Available data »
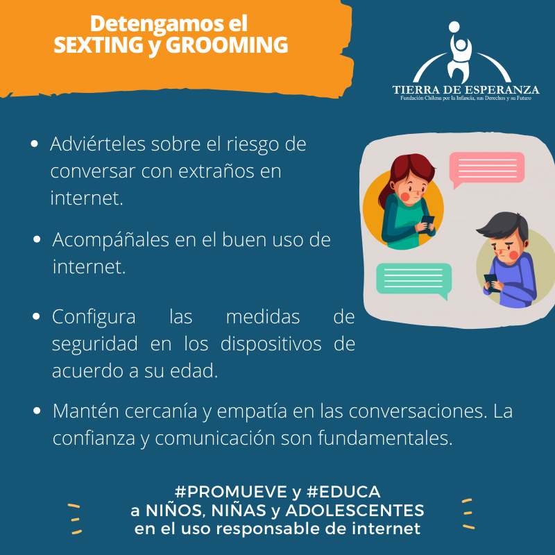 En el Día Nacional de Lucha Contra la Explotación Sexual Comercial Infantil, Fundación Tierra de Esperanza, ha querido poner el foco en dos prácticas relacionados con la Explotación Sexual Comercial de niños, niñas y adolescentes: el sexting y el grooming. Se conoce como “sexting” a la autoproducción de imágenes sexuales o al intercambio de mensajes o imágenes sexuales y la creación, el intercambio y la transmisión de imágenes de desnudos o casi desnudos sexualmente sugerentes a través de teléfonos móviles y/o internet. Aunque el sexteo es posiblemente la forma más común de material sexualmente explícito autogenerado en el que niñas, niños o adolescentes se pueden ver involucrados y que, frecuentemente, se realiza por y entre adolescentes que consienten, también existen muchas formas de “sexteo no deseado”. Esto se refiere a los aspectos no consentidos de la actividad, como compartir o recibir fotos videos o mensajes no deseados y sexualmente explícitos, por ejemplo, por parte de personas conocidas o desconocidas que intentan contactar o realizar proposiciones sexuales a la niña, el niño o el adolescente. El sexteo también puede ser una forma de acoso sexual, en la que una niña, un niño o un adolescente es presionado a enviar una imagen a otra persona, quien posteriormente la distribuye a través de una red social sin su consentimiento. El sexteo no deseado se relaciona con el acoso y comentarios sexuales indeseados y diversas investigaciones han demostrado que la práctica del sexteo no es neutral con respecto al género y que puede ser considerado como una extensión del acoso sexual contra las niñas. Respecto al “grooming”, hace referencia al proceso por el que una persona entabla una relación con una niña, un niño o un adolescente mediante el uso de internet u otras tecnologías digitales para facilitar el contacto sexual, en línea o fuera de línea. Es el acto de hacerse amigo de una niña, un niño o un adolescente, especialmente a través de internet, con el propósito de persuadir a la niña, el niño o el adolescente de mantener una relación sexual con posterioridad. Hoy en día, el período de tiempo entre la participación inicial del niño y un resultado delictivo es a menudo extremadamente corto y los delincuentes se concentran en obtener rápidamente influencia sobre la víctima en lugar de establecer en primer lugar una relación de confianza.
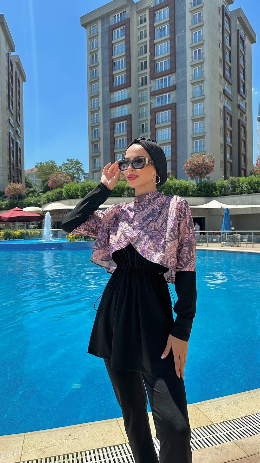 Desenli tunik hakim yaka önden yarım boy fermuarlıdır ve etek görünümü detaylıdır denizde havuzda açılma yapmaz iç göstermez pantolon belden lastiklidir tesettüre uygun üretilmiştir
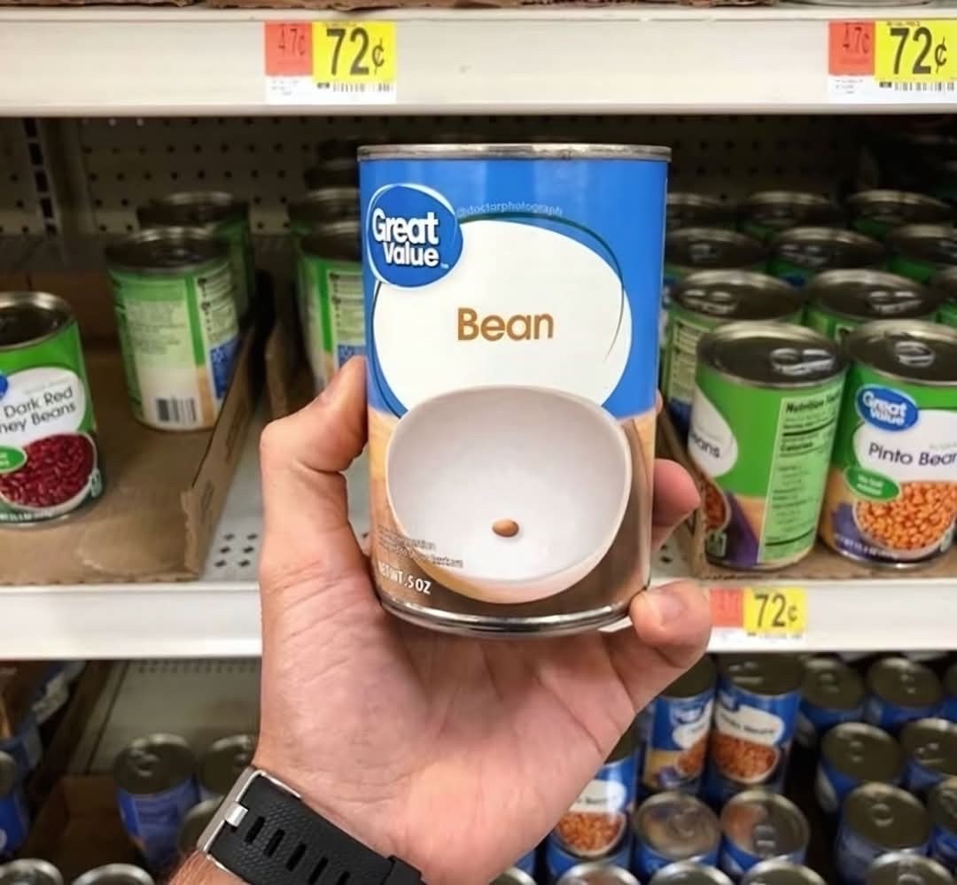 That’s the most plausible conclusion. If it’s a normal size bean, the rest of the can is bean juice. And the can says BEAN not bean juice.

What you need to do »
Transcribe all of the material exactly, leaving out whatever pictures it contains.

Answer »
 En el Día Nacional de Lucha Contra la Explotación Sexual Comercial Infantil, Fundación Tierra de Esperanza, ha querido poner el foco en dos prácticas relacionados con la Explotación Sexual Comercial de niños, niñas y adolescentes: el sexting y el grooming. Se conoce como “sexting” a la autoproducción de imágenes sexuales o al intercambio de mensajes o imágenes sexuales y la creación, el intercambio y la transmisión de imágenes de desnudos o casi desnudos sexualmente sugerentes a través de teléfonos móviles y/o internet. Aunque el sexteo es posiblemente la forma más común de material sexualmente explícito autogenerado en el que niñas, niños o adolescentes se pueden ver involucrados y que, frecuentemente, se realiza por y entre adolescentes que consienten, también existen muchas formas de “sexteo no deseado”. Esto se refiere a los aspectos no consentidos de la actividad, como compartir o recibir fotos videos o mensajes no deseados y sexualmente explícitos, por ejemplo, por parte de personas conocidas o desconocidas que intentan contactar o realizar proposiciones sexuales a la niña, el niño o el adolescente. El sexteo también puede ser una forma de acoso sexual, en la que una niña, un niño o un adolescente es presionado a enviar una imagen a otra persona, quien posteriormente la distribuye a través de una red social sin su consentimiento. El sexteo no deseado se relaciona con el acoso y comentarios sexuales indeseados y diversas investigaciones han demostrado que la práctica del sexteo no es neutral con respecto al género y que puede ser considerado como una extensión del acoso sexual contra las niñas. Respecto al “grooming”, hace referencia al proceso por el que una persona entabla una relación con una niña, un niño o un adolescente mediante el uso de internet u otras tecnologías digitales para facilitar el contacto sexual, en línea o fuera de línea. Es el acto de hacerse amigo de una niña, un niño o un adolescente, especialmente a través de internet, con el propósito de persuadir a la niña, el niño o el adolescente de mantener una relación sexual con posterioridad. Hoy en día, el período de tiempo entre la participación inicial del niño y un resultado delictivo es a menudo extremadamente corto y los delincuentes se concentran en obtener rápidamente influencia sobre la víctima en lugar de establecer en primer lugar una relación de confianza.
 Desenli tunik hakim yaka önden yarım boy fermuarlıdır ve etek görünümü detaylıdır denizde havuzda açılma yapmaz iç göstermez pantolon belden lastiklidir tesettüre uygun üretilmiştir
 That’s the most plausible conclusion. If it’s a normal size bean, the rest of the can is bean juice. And the can says BEAN not bean juice.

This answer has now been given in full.